JPS62237660A - High pressure sodium lamp - Google Patents

Abstract

PURPOSE:To prevent the leakage of sodium in a luminous tube to the outside of the tube during operation by through sealing an electric conductor provided with magnesium oxide film on the outside surface in the aperture of the end of an alumina tube with ceramic cement containing calcium oxide. CONSTITUTION:An alumina tube 1 and an end disk 2 and an electric conductor 6 are sealed together with rings of ceramic cement 8 by heating up to a high temperature and melting the said cement. During the heating aluminum oxide and magnesium oxide are dissolved in the ceramic cement 8 and crystallized partially under the existence of calcium oxide. Thereby the magnesium oxide film 7 and the ceramic cement 8 are adhered strongly, and the sealed portions between the hole 3 of the end disk 2 and the conductor 6 and between the alumina tube l and the end disk 2 can be made sufficiently airtight. Therefore the leakage of the sodium or the like in the luminous tube to the outside of the tube during the operation of the lamp can be prevented.

Description

[Detailed description of the invention] Industrial applications The present invention relates to high pressure sodium lamps.

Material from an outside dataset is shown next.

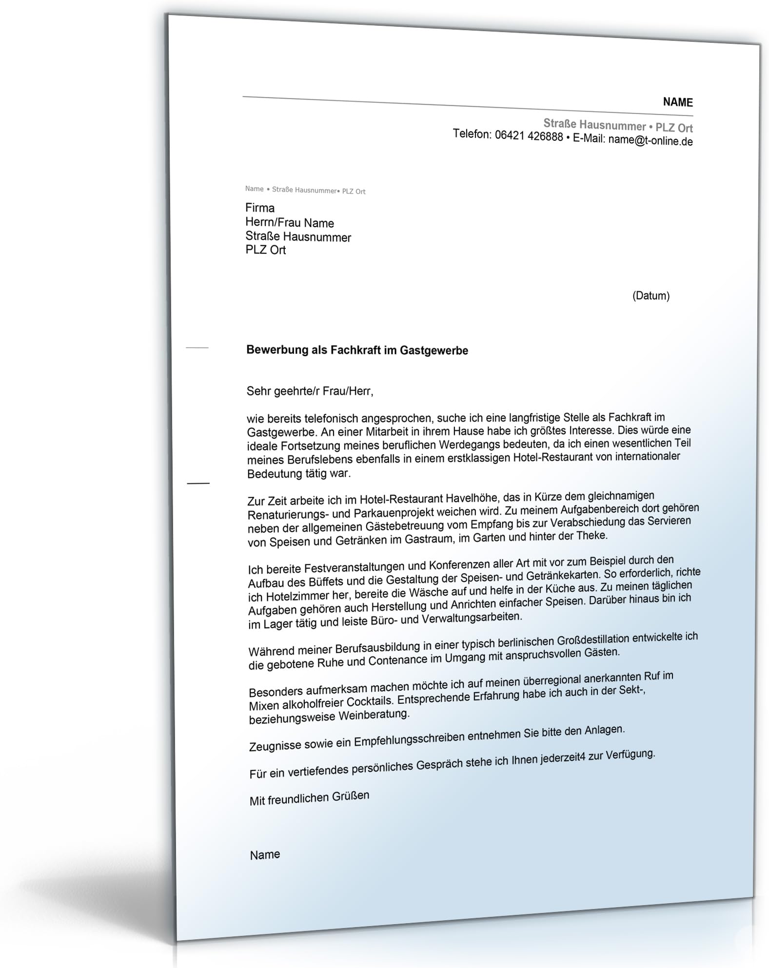 Hier haben wir 3 vorlage anschreiben bereitgestellt. Ein überzeugendes anschreiben ist das highlight der bewerbung. Neben der planung von allgemeinen abläufen im hotel kümmern sich hotelfachleute in erster linie um das wohl der gäste. Bereits die headline soll den künftigen arbeitgeber fesseln und dazu animieren das bewerbungsschreiben zu lesen.

BACKGROUND OF THE INVENTION High-pressure sodium lamps have an efficiency approximately twice as high as mercury lamps, and are attracting attention as suitable for the new era of energy conservation, and are increasingly being used. This high-pressure sodium lamp consists of a translucent alumina body with electrodes at both ends, and has an arc tube with sodium etc. sealed inside.Electricity is supplied to the electrodes through a hole in the end of the arc tube. A conductor for this purpose is passed through and hermetically sealed with ceramic cement.

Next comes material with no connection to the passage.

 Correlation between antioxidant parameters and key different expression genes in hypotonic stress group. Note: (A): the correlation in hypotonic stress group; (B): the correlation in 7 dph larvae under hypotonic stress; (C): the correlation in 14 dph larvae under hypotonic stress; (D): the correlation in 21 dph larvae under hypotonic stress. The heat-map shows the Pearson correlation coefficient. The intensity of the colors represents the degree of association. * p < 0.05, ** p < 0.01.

Problems to be Solved by the Invention However, such conventional conductors and ceramic cements sometimes have insufficient airtightness, and inclusions such as sodium in the arc tube may leak from the areas lacking in airtightness. There was a problem in that the lamp leaked outside the tube, resulting in an increase in the lamp current and an increase in the temperature of the ballast, leading to burnout.

The present invention was made to solve these problems, and it prevents sodium from leaking out of the arc tube.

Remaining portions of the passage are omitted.